What needs to be done: The data should be written out in full, exactly as it stands, and the pictures dropped.

Dataset records:
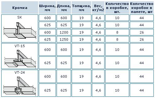 Предлагаемый ассортимент подвесных звукоизолирующих потолков:
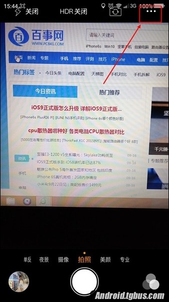 第二步:然後我們就會進入到相機拍照界面,在其界面的右上角找到“省略圖標”,點擊一下,如下圖所示:
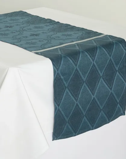 Camino de mesa 100% lino con escudo azul, 40 x 320 cm
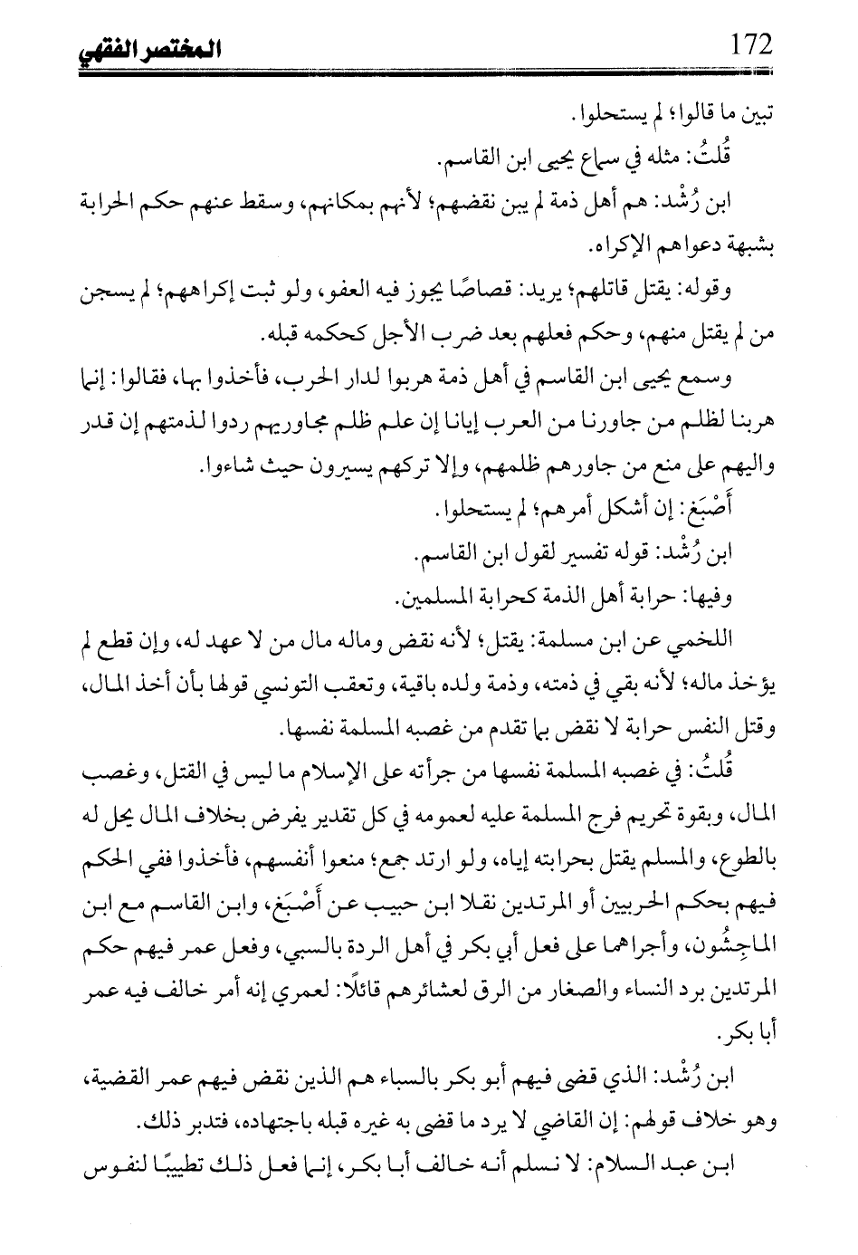 ابن رشد: الذي قضى فيهم أبو بكر بالسباء هم الذين نقض فيهم عمر القضية, وهو خلاف قولهم: إن القاضي لا يرد ما قضى به غيره قبله باجتهاده, فتدبر ذلك.
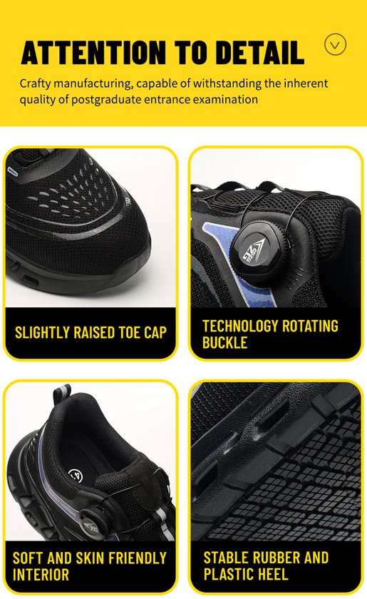 Deze werkschoenen zijn een absolute gamechanger! Vanaf het eerste moment dat ik ze aantrok, merkte ik hoe ongelooflijk comfortabel en licht ze zijn. Geen vermoeide of pijnlijke voeten meer na een lange werkdag. De demping is uitstekend, en de ademende stof zorgt ervoor dat mijn voeten fris blijven.Perfect voor iedereen die veel staat of loopt tijdens het werk.
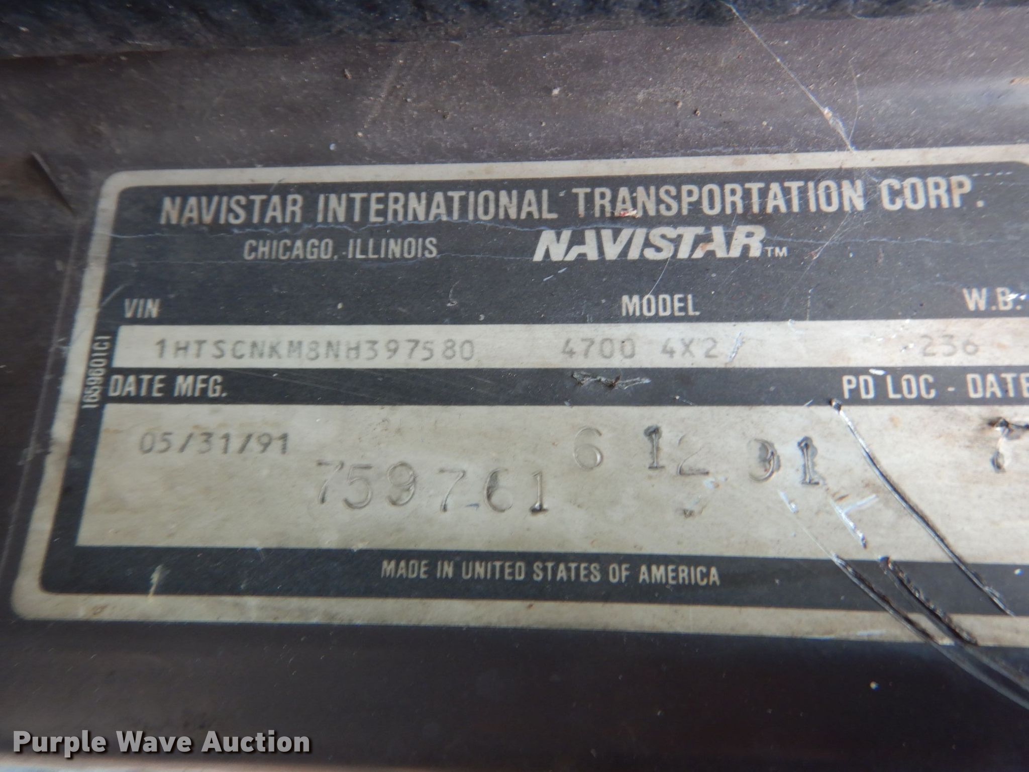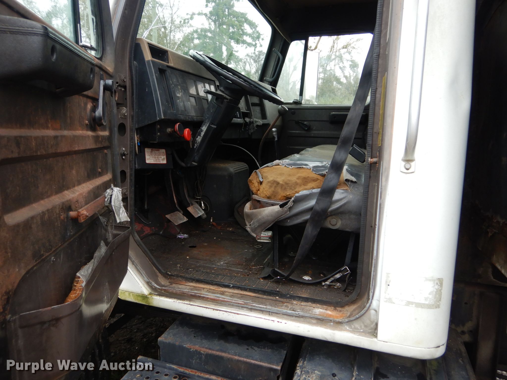 1992 International 4700 dump truck. Miles: Unknown, VIN: 1HTSCNKM8NH397580. Engine International DT360, Displacement: 5.9L, Cylinders: 6, Fuel type: Diesel. Transmission Manual. Chassis Axles: Single, Suspension: Spring, Brakes: Hydraulic, PTO, GVWR: 25,000 lbs FAWR: 8,000 lbs, RAWR: 17,000 lbs. Interior Heat. Operational Dump bed 20' L x 96" W, Side height: 108", Bed type: Steel, Ram: Single. Tires Size: 11R22.5. Notes Windshield chipped or cracked, Unknown operating condition of hoist. Arkansas title. 16500 Pear St SE. Blountstown, FL 32424
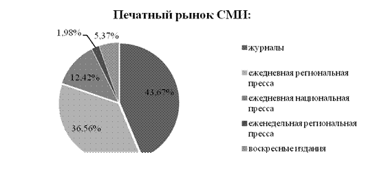 Рекламный рынок Франции характеризуется постепенным снижением интереса к периодической прессе на протяжении многих лет. Причин, обусловившие это, достаточно много, выделим внешние и внутренние. Внешними факторами можно назвать переход рекламодателей в альтернативные виды СМИ (телевидение, Интернет), а также экономический кризис. К внутренним относятся снижение тиражей, появление бесплатных изданий, неравномерное распределение рекламных доходов между различными секторами периодических изданий. Например, доходы от рекламы газеты «Монд» раньше составляли 40-50%, сейчас не превышают и 35%. Французская пресса получает лишь 13% от всего рекламного рынка, в то время как пресса Германии - 30%, 33% в Англии и 27% в США[2]. Однако современной тенденцией можно считать «выздоровление» рекламного рынка во Франции. В 2010 году доходы от рекламы выросли на 4,6%, хотя еще в 2009 они имели отрицательную динамику -18,1%. Стоит отметить, что приведенные выше данные касаются всего рынка СМИ в целом, но если рассматривать отдельно прессу, то тут также положительный рост доходов наблюдается у национальных ежедневных изданий (2,4%) и журналов (2,6%). Ежедневная региональная и специализированная пресса по-прежнему остаются с отрицательными показателями, но, тем не менее, они значительно меньше, чем в 2008-2009 годах [3]. Более подробные данные представлены в приложении 1.

Result of the exercise:
 Предлагаемый ассортимент подвесных звукоизолирующих потолков:
 第二步:然後我們就會進入到相機拍照界面,在其界面的右上角找到“省略圖標”,點擊一下,如下圖所示:
 Camino de mesa 100% lino con escudo azul, 40 x 320 cm
 ابن رشد: الذي قضى فيهم أبو بكر بالسباء هم الذين نقض فيهم عمر القضية, وهو خلاف قولهم: إن القاضي لا يرد ما قضى به غيره قبله باجتهاده, فتدبر ذلك.
 Deze werkschoenen zijn een absolute gamechanger! Vanaf het eerste moment dat ik ze aantrok, merkte ik hoe ongelooflijk comfortabel en licht ze zijn. Geen vermoeide of pijnlijke voeten meer na een lange werkdag. De demping is uitstekend, en de ademende stof zorgt ervoor dat mijn voeten fris blijven.Perfect voor iedereen die veel staat of loopt tijdens het werk.
 1992 International 4700 dump truck. Miles: Unknown, VIN: 1HTSCNKM8NH397580. Engine International DT360, Displacement: 5.9L, Cylinders: 6, Fuel type: Diesel. Transmission Manual. Chassis Axles: Single, Suspension: Spring, Brakes: Hydraulic, PTO, GVWR: 25,000 lbs FAWR: 8,000 lbs, RAWR: 17,000 lbs. Interior Heat. Operational Dump bed 20' L x 96" W, Side height: 108", Bed type: Steel, Ram: Single. Tires Size: 11R22.5. Notes Windshield chipped or cracked, Unknown operating condition of hoist. Arkansas title. 16500 Pear St SE. Blountstown, FL 32424
 Рекламный рынок Франции характеризуется постепенным снижением интереса к периодической прессе на протяжении многих лет. Причин, обусловившие это, достаточно много, выделим внешние и внутренние. Внешними факторами можно назвать переход рекламодателей в альтернативные виды СМИ (телевидение, Интернет), а также экономический кризис. К внутренним относятся снижение тиражей, появление бесплатных изданий, неравномерное распределение рекламных доходов между различными секторами периодических изданий. Например, доходы от рекламы газеты «Монд» раньше составляли 40-50%, сейчас не превышают и 35%. Французская пресса получает лишь 13% от всего рекламного рынка, в то время как пресса Германии - 30%, 33% в Англии и 27% в США[2]. Однако современной тенденцией можно считать «выздоровление» рекламного рынка во Франции. В 2010 году доходы от рекламы выросли на 4,6%, хотя еще в 2009 они имели отрицательную динамику -18,1%. Стоит отметить, что приведенные выше данные касаются всего рынка СМИ в целом, но если рассматривать отдельно прессу, то тут также положительный рост доходов наблюдается у национальных ежедневных изданий (2,4%) и журналов (2,6%). Ежедневная региональная и специализированная пресса по-прежнему остаются с отрицательными показателями, но, тем не менее, они значительно меньше, чем в 2008-2009 годах [3]. Более подробные данные представлены в приложении 1.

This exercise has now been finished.